Hacker Newsnew | past | comments | ask | show | jobs | submitlogin

It looks cool, but be very careful about using it (in a browser, at least). Browsers have super-fast JSON parsers and parsing msgpack is much, much slower than parsing good old JSON.

This great comment (from 201 days ago) is exactly about this issue:

http://news.ycombinator.com/item?id=4091051

I quote a bit of it here:

    JSON size: 386kb
    MsgPack size: 332kb
    Difference: -14%

    Encoding with JSON.stringify 4 ms
    Encoding with msgpack.pack 73 ms
    Difference: 18.25x slower

    Decoding with JSON.parse 4 ms
    Decoding with msgpack.unpack 13 ms 
    Difference: 3.25x slower

and also this comment: http://news.ycombinator.com/item?id=4093077

   MessagePack is not smaller than gzip'd JSON
   MessagePack is not faster than JSON when a browser is involved
   MessagePack is not human readable
   MessagePack has issues with UTF-8
   Small packets also have significant TCP/IP overhead


sigh. Why do we always want to declare a winner? Anyone who has tried to store binary data in JSON knows that MessagePack does indeed have a use case. And anyone who is working with browsers knows that JSON/JS is the king there.

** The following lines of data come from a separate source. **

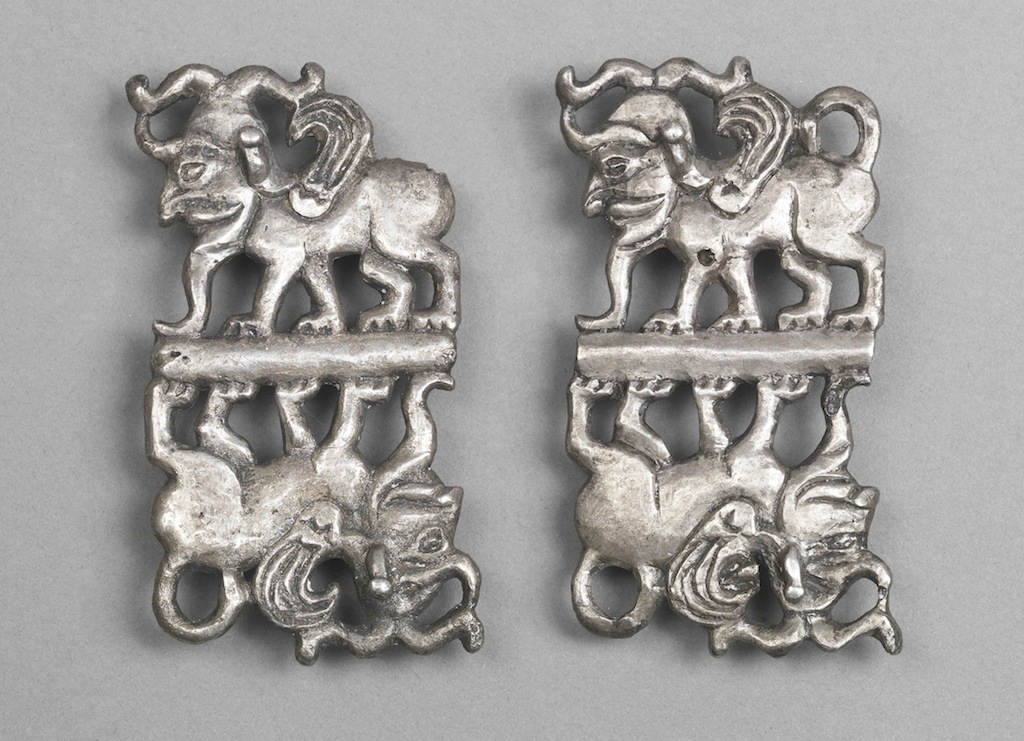 These plaques of sphinxes with lion bodies, bearded male heads wearing horned caps, and curved wings were inspired by Achaemenid representations. Since nomads tended not to work in silver, it is likely that these objects were imported directly from the Achaemenid world.
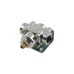 Adjustable Fuel Pressure Regulator 4½ to 9 PSI Single 3/8” NPT inlet and two 3/8” NPT outlets Supplied with mounting bracket Note: Black & Chrome finish but not to show...
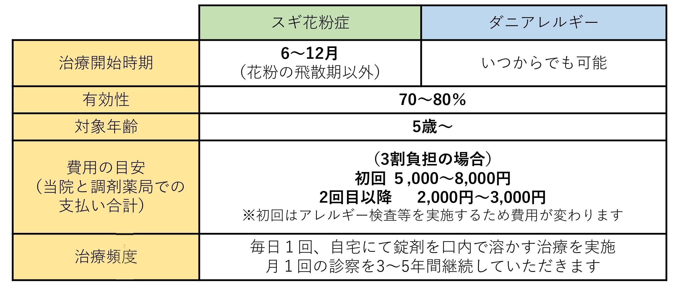 共に5歳以上(薬を舌下で保持することが可能な方)から治療可能。

> MessagePack is not smaller than gzip'd JSON

But gzip'd MessagePack is smaller than gzip'd JSON, so?

> MessagePack is not faster than JSON when a browser is involved

Using it in the browser was never the use case for MessagePack. JSON these days are used for far more than browser-server-communication.

> MessagePack is not human readable

Fair enough. Although I don't consider JSON without newlines to be "human readable" either. I'll have to pipe it through a beautifier to read it.

> MessagePack has issues with UTF-8

MessagePack only stores bytes. It's up to you to decide how to interpret those bytes.

> Small packets also have significant TCP/IP overhead.

And?


I think developers like to declare winners for very, very good reasons typically. Winners are often very useful. For example in settling on a standard once a good or great solution is found so a community can thrive around it, lots of open tools and open code can be built for it, developers can build upon it with a roadmap in mind, sites can publish with it knowing they can reach a maximum audience, etc etc etc etc.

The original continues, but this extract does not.